Studies in India and the US have raised the possibility that men who use mobile phones heavily have reduced sperm counts. And, more prosaically, doctors have identified the condition of “text thumb”, a form of RSI from constant texting.
RSI? You’re bringing up RSI in a piece about the supposed deadly effects of mobile phone radiation? I’m perfectly willing to believe that somebody could get RSI from excessive texting. Quick, call the Pope. As far as I can tell, the sperm count studies seem to indicate that people who use mobile phones for many hours a day have smaller sperm counts. But it’s not thought that the radiation itself is causing the problem – there’s no real theoretical mechanism for this, for a start – more likely that it’s a substitute for some other factor. If people are on the phone for so long, are they sitting down the whole time? What kind of lifestyles do they have? What are they eating? How much exercise do they get? Studies need to control for these things before such conclusions can be reached.

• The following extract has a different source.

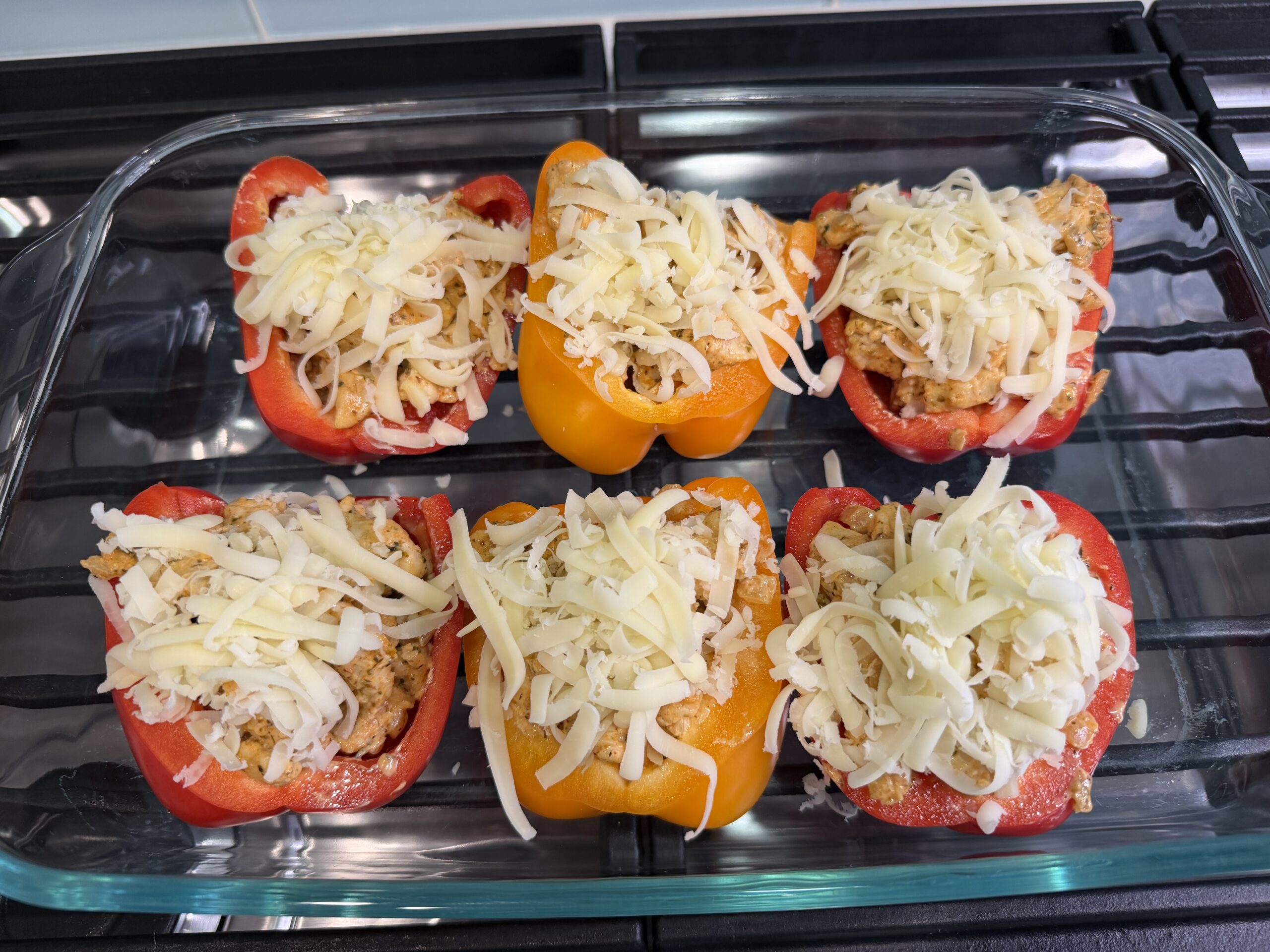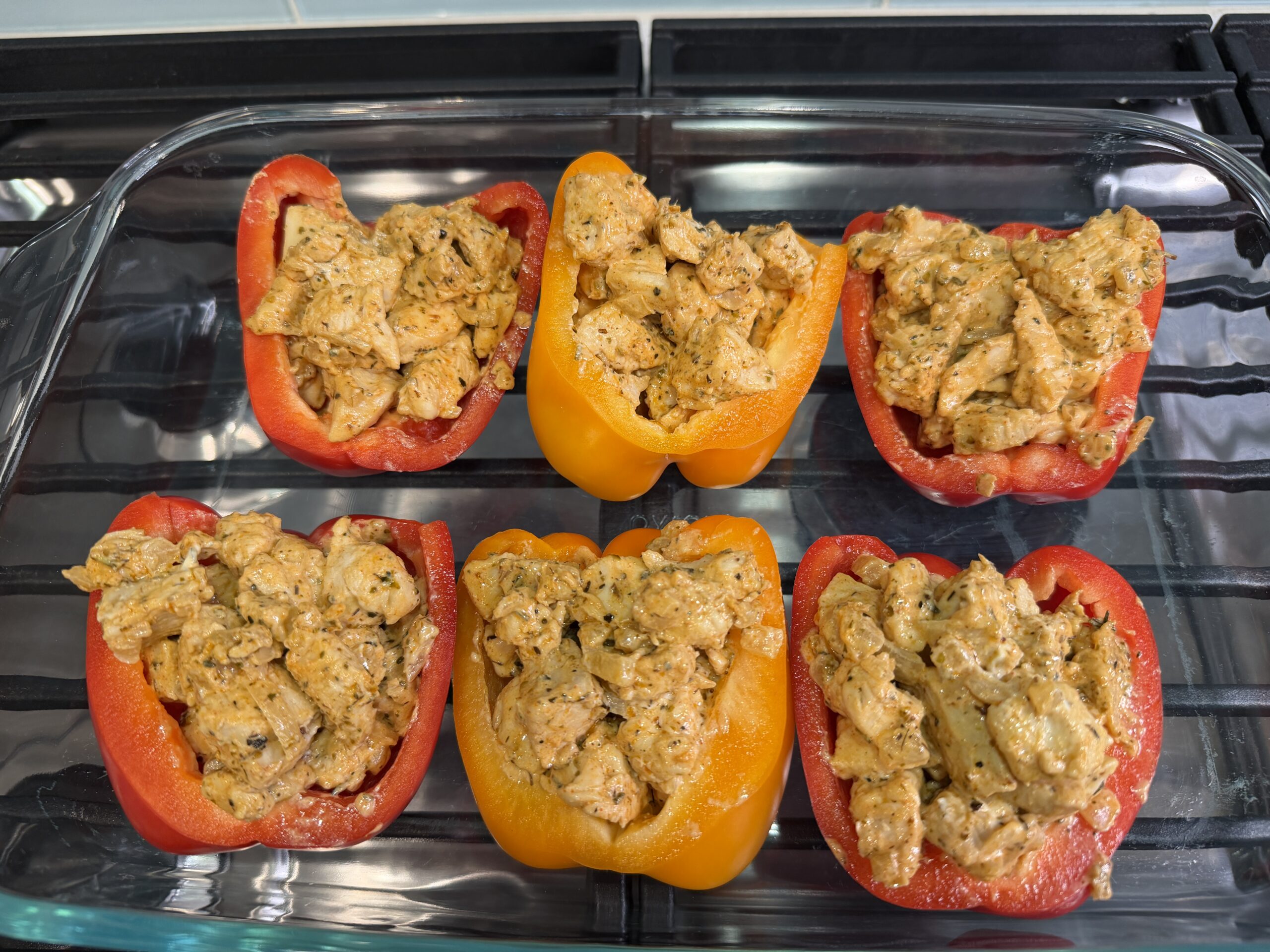 - While the chicken is cooking, cut the bell peppers in half and remove the core and seeds. Place in a large baking dish face up.

Professor Sir William Stewart, who has headed two official inquiries, warned that children under eight should not use mobiles and made a series of safety recommendations, largely ignored by ministers.
No he didn’t. He said, in his 2000 report:
If there are currently unrecognised adverse health effects from the use of mobile phones, children may be more vulnerable because of their developing nervous system, the greater absorption of energy in the tissues of the head (paragraph 4.37), and a longer lifetime of exposure. In line with our precautionary approach, we believe that the widespread use of mobile phones by children for non-essential calls should be discouraged.
He recommended that children be discouraged from using mobile phones not because of any evidence of adverse health effects, but because if any are discovered they would affect children more than adults due to the differing physiologies. This seems reasonable to me, since there’s little reason for under 8s to be regularly using mobile phones anyway. The precautionary approach detailed in the report is laid out on the basis of possible future discoveries, with effort put into finding a reasonable balance between caution and outright paranoia. The final sentence of the Independent report is useless without any details, and I can’t be bothered checking to see whether every recommendation has been implemented.
The health effects of electromagnetic radiation are the subject of huge amounts of research, as you’d hope. If there are any dangers to using a mobile phone, I want to bloody know about it! But with the evidence not suggesting anything to worry about, the Independent article is nothing more than scaremongering, and doesn’t help anybody.